Moritz Enders im Gespräch mit dem Publizisten *Dr. Werner Rügemer*.
*Deutsche Wirtschaftsnachrichten: */Jüngst hat der französische
Präsident Emmanuel Macron für die EU eine „strategische Autonomie“
verlangt, mit Blick auf die steigenden Spannungen zwischen den USA und
China. Die Entrüstung in den deutschen Medien war groß. Spiegel online
titelte, Baerbock müsse bei ihrem China-Besuch „die Scherben
zusammenkehren“. Wie kommt es, dass Deutschland ein so treuer Vasall der
USA bleiben will, während es in Frankreich – zumindest verbal –
Absetzbewegungen gibt?/
*Werner Rügemer: *Frankreich hat geopolitisch, im imperialen Sinne, im
Unterschied zu Deutschland, einige Merkmale von Souveränität: Eine
eigene Atombombe, 18 Übersee-Territorien im Atlantik, im Indischen
Ozean, im Pazifik und in der Antarktis sowie enge wirtschaftliche und
Währungsbeziehungen zu ehemaligen Kolonien in Afrika.
Frankreich gehört zu den Siegermächten des 2. Weltkriegs und zu den fünf
ständigen Mitgliedern des US-Sicherheitsrats. All diese Merkmale hat
Deutschland nicht. Und Deutschland ist der militärisch, geheimdienstlich
und wirtschaftlich am intensivsten von den USA durchdrungene Staat in
Europa.
Freilich: Angesichts der von den USA geführten NATO, des riesigen
US-Militärapparats, der führenden US-Rüstungsindustrie, des
US-Nuklearpotentials, der globalen Militärpräsenz der USA mit 850
Militärstützpunkten – da sind die Souveränitätsmerkmale Frankreichs eher
Nostalgie. Zudem: Auch im Frankreich Macrons dominieren US-Investoren
die meisten wichtigen Unternehmen und Banken, ähnlich wie in Deutschland.

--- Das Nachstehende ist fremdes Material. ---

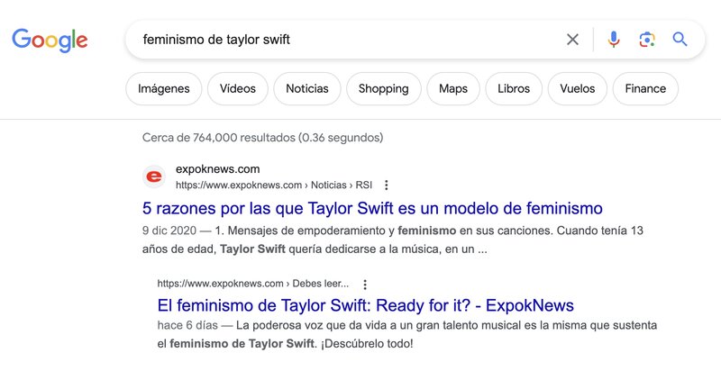 Finalmente nosotros mismos hicimos lo propio. A uno de nuestros clientes, Expok, que se dedica a la asesoría de responsabilidad social le desarrollamos el contenido «El feminismo de Taylor Swift«, que logramos colocar en el No. 1 de Google con esa keyword.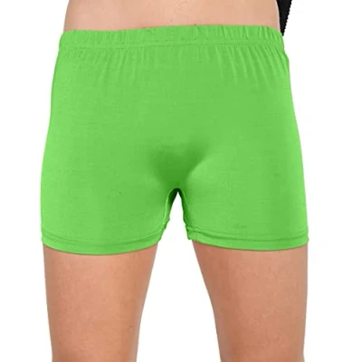 GW CLASSY OUTFIT Girls Kids Metallic/Plain HOT Pants Halloween Dance Summer Fancy Party Disco Shorts Gym Tutu Pant (Green Plain, 7 8 Years)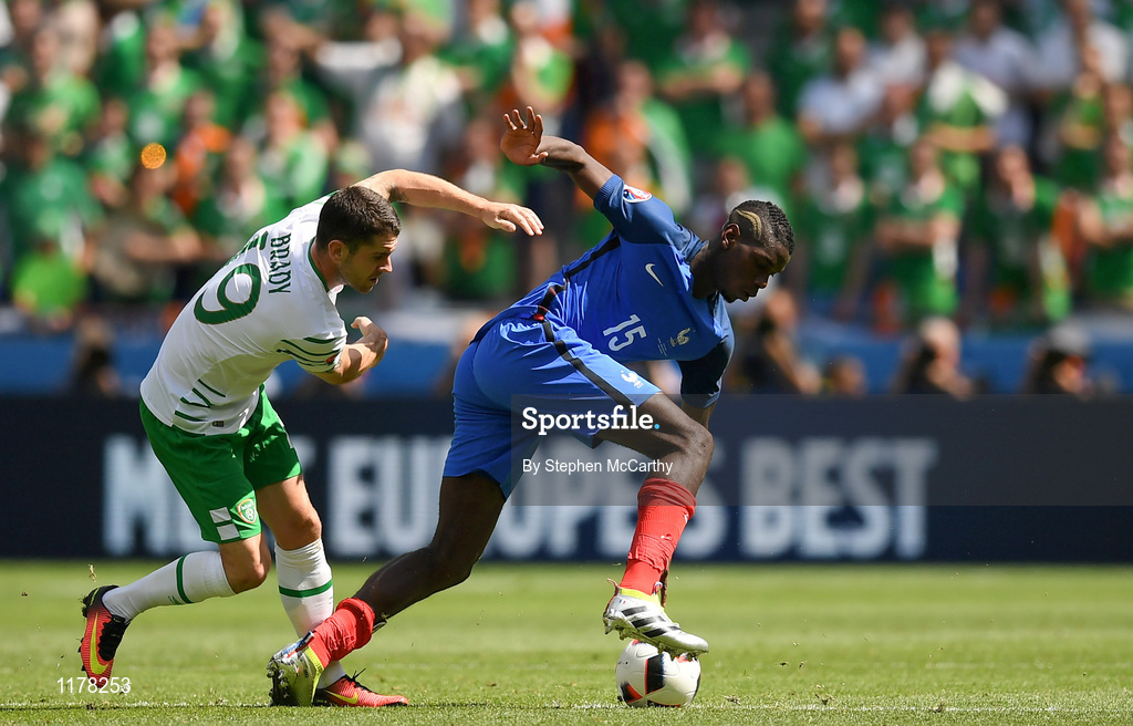 26 June 2016; Robbie Brady of Republic of Ireland in action against Paul Pogba of France during the UEFA Euro 2016 Round of 16 match between France and Republic of Ireland at Stade des Lumieres in Lyon, France. Photo by Stephen McCarthy/Sportsfile

*Deutsche Wirtschaftsnachrichten: */Auch historisch gesehen standen erst
die BRD und dann das wiedervereinigte Deutschland nach dem 2. Weltkrieg
immer unverbrüchlich an der Seite der USA. Hätte es dazu eine
Alternative gegeben, etwa in Form eines – wie Österreich – neutralen
Deutschlands, das nicht geteilt worden wäre?/
*Werner Rügemer: *Die Bundesrepublik Deutschland stand nie „an der Seite
der USA“, sondern wurde auf Druck der USA 1949 überhaupt erst als
Separatstaat ganz neu gegründet und ist den USA bis heute untergeordnet.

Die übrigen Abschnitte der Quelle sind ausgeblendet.